◆ **About this exercise**: Each line below from the "One star again" line through the "Metal Machines Spider Strike (O‘rgimchak" line, those two included, must be restated word for word; the pictures must not be.

◆ **Data records**:
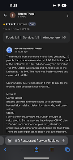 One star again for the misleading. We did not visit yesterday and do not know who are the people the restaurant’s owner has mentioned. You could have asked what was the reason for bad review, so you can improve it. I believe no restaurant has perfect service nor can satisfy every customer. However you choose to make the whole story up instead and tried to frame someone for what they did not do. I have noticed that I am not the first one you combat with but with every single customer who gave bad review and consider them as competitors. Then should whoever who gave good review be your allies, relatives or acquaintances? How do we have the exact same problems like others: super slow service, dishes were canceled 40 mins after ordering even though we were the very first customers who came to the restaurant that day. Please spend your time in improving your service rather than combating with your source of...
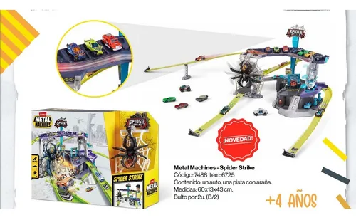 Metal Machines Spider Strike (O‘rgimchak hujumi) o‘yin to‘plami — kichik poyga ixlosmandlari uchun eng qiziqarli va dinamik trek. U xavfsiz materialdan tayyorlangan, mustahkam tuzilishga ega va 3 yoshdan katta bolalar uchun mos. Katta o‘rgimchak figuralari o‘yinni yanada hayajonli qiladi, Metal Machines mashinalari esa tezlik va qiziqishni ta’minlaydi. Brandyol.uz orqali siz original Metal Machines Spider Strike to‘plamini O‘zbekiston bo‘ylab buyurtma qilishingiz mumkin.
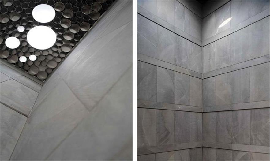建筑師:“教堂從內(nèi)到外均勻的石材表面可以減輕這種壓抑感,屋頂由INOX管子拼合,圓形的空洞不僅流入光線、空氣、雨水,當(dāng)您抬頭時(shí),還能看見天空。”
---
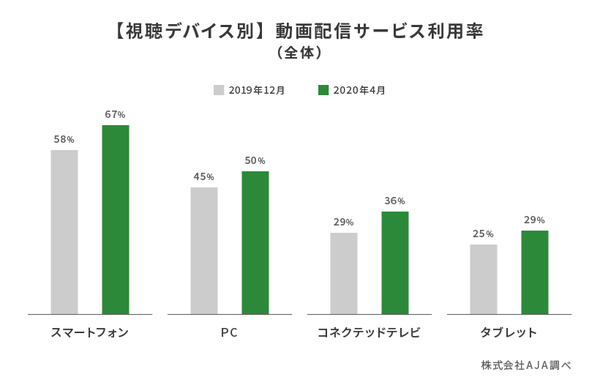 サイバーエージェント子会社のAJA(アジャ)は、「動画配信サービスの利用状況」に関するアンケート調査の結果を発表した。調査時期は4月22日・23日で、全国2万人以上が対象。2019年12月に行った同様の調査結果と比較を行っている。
...
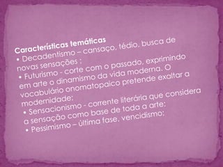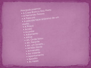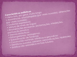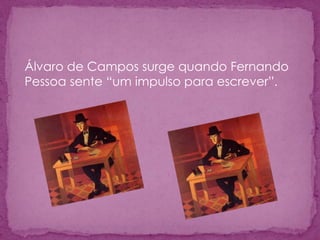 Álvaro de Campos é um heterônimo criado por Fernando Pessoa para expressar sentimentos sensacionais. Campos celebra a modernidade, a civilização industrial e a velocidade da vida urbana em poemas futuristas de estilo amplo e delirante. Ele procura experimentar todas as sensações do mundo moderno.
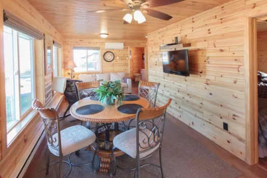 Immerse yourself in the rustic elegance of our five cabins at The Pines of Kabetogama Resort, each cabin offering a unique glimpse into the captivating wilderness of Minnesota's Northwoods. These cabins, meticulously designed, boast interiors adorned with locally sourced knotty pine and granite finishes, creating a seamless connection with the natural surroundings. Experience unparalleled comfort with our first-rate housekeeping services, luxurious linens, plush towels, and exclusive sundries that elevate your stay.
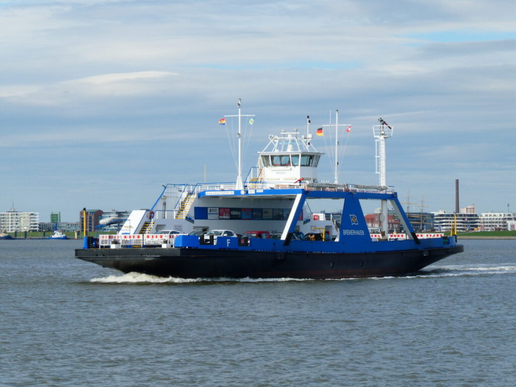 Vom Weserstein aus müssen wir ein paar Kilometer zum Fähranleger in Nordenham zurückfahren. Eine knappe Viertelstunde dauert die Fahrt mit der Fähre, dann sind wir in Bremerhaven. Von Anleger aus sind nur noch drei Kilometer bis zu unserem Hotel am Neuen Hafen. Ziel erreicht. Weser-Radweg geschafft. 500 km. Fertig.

◆ **Reply to the exercise**:
 One star again for the misleading. We did not visit yesterday and do not know who are the people the restaurant’s owner has mentioned. You could have asked what was the reason for bad review, so you can improve it. I believe no restaurant has perfect service nor can satisfy every customer. However you choose to make the whole story up instead and tried to frame someone for what they did not do. I have noticed that I am not the first one you combat with but with every single customer who gave bad review and consider them as competitors. Then should whoever who gave good review be your allies, relatives or acquaintances? How do we have the exact same problems like others: super slow service, dishes were canceled 40 mins after ordering even though we were the very first customers who came to the restaurant that day. Please spend your time in improving your service rather than combating with your source of...
 Metal Machines Spider Strike (O‘rgimchak hujumi) o‘yin to‘plami — kichik poyga ixlosmandlari uchun eng qiziqarli va dinamik trek. U xavfsiz materialdan tayyorlangan, mustahkam tuzilishga ega va 3 yoshdan katta bolalar uchun mos. Katta o‘rgimchak figuralari o‘yinni yanada hayajonli qiladi, Metal Machines mashinalari esa tezlik va qiziqishni ta’minlaydi. Brandyol.uz orqali siz original Metal Machines Spider Strike to‘plamini O‘zbekiston bo‘ylab buyurtma qilishingiz mumkin.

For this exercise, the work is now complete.